On Fri, Apr 2, 2021 at 5:37 PM Micah Kornfield <emkornfi...@gmail.com> wrote:
>
> >
> > However it seems a little unfortunate that there is now way to represent a
> > "common" interval like "1 week and 1 hour" with native arrow types
>
>
> I might have misunderstood,but at least in postgres, I thought this boils
> down to "0 months, 7 days, 3600 seconds".  Since months is 0, this seems
> like it fits squarely in the existing interval type Days_Mills.
>
> I thought what can't be represented today is "1 Year 1 Hour".  It seems
> like none of the proposals so far cover weeks as an explicit type?
>
> On Fri, Apr 2, 2021 at 2:42 PM Andrew Lamb <al...@influxdata.com> wrote:
>
> > I think it is plausible that we use Arrow structs to create a synthetic
> > interval type for DataFusion (I don't have a compelling usecase to store
> > the intervals themselves, or to expose them outside of DataFusion).
> >
> > However it seems a little unfortunate that there is now way to represent a
> > "common" interval like "1 week and 1 hour" with native arrow types
> >
> >
> >
> > On Fri, Apr 2, 2021 at 4:38 PM Micah Kornfield <emkornfi...@gmail.com>
> > wrote:
> >
> >> The real usecase I have is "postgres compatibility"
> >>
> >>
> >> Yeah, I'm a little conflicted on this.  A broader analysis might be
> >> necessary and I'd welcome others thoughts, but at what point should we
> >> mostly consider the type system closed?  Should we be aiming for full
> >> parity with ANSI SQL/Postgres SQL or something else?
> >>
> >>
> >>> I have no known need for the actual postgres timestamp internal
> >>> representation.
> >>
> >>
> >> I suppose there is an edge case that the seconds range is larger for
> >> microseconds compared to nanoseconds with the simple representation.  But
> >> that seems minor.
> >>
> >> On Fri, Apr 2, 2021 at 1:25 PM Andrew Lamb <al...@influxdata.com> wrote:
> >>
> >>> The real usecase I have is "postgres compatibility" - in the sense that
> >>> we can write SQL queries / expressions that use postgres interval type [1]

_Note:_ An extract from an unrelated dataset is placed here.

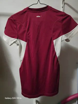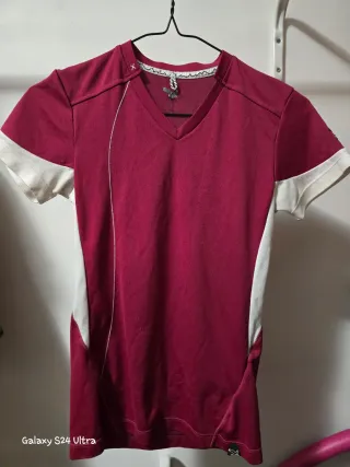 Maglietta tecnica Salewa da donna, ideale per attività sportive. - Colore bordeaux con inserti bianchi. - Scollo a V. - Maniche corte.
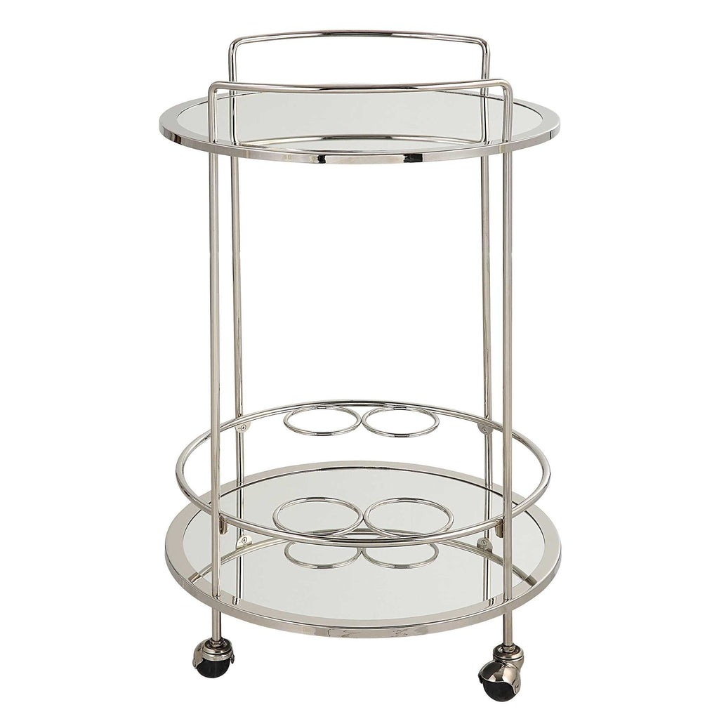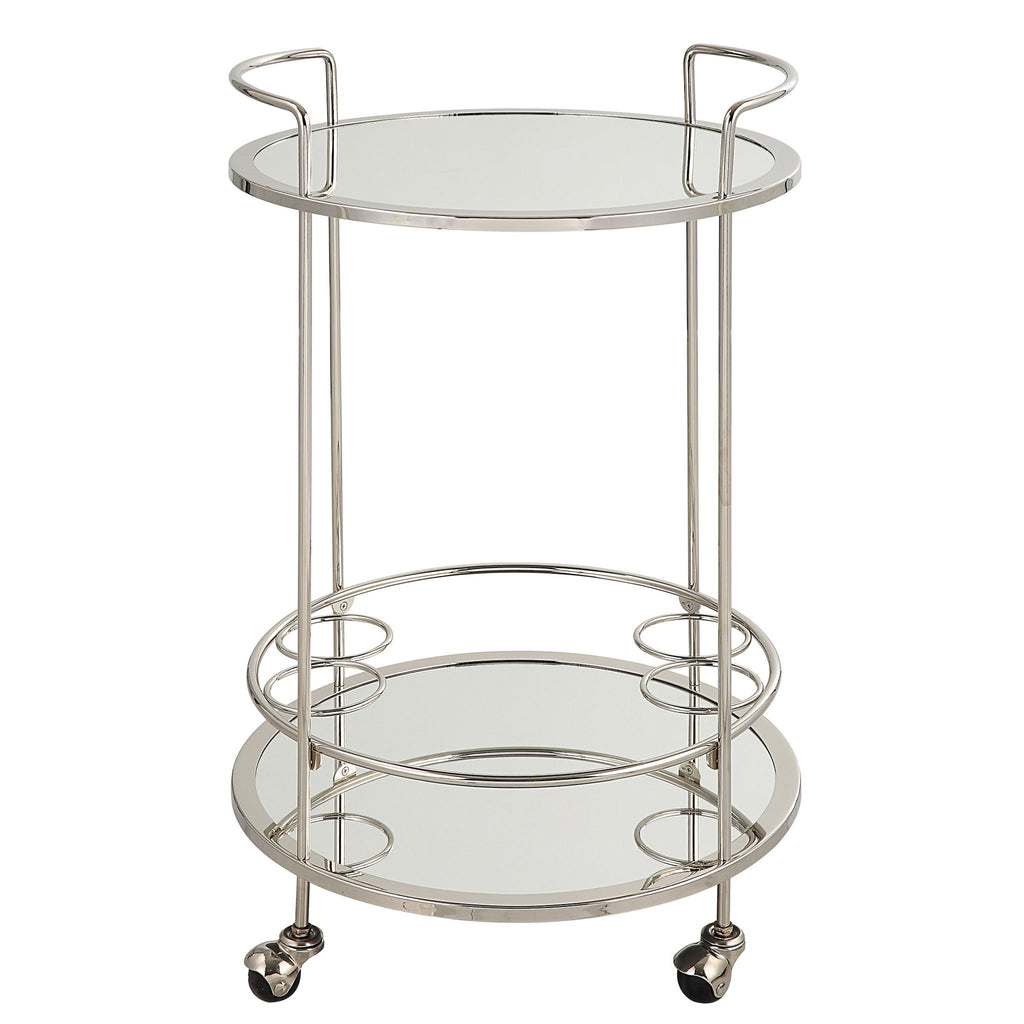 The Spritz Bar Cart Rolls Wherever The Party Goes! The Metal Cart Is Finished In Polished Chrome With Dual Mirrored Shelves For Optimal Storage And Display. The Petite Round Frame Sits Atop Rolling Casters, Enabling Easy Placement In Any Living Or Dining Space.

> >>> and corresponding expressions with the full postgres interval range. I 
> >>> have
> >>> no known need for the actual postgres timestamp internal representation.
> >>>
> >>> A more vague usecase I would like (but do not strictly need) is for
> >>> expressing intervals up to the same precision as IOx's underlying
> >>> timestamps (which are stored as nanosecond precision).
> >>>
> >>> [1]
> >>> https://www.postgresql.org/docs/current/datatype-datetime.html#DATATYPE-INTERVAL-INPUT
> >>>
> >>> "Internally interval values are stored as months, days, and seconds.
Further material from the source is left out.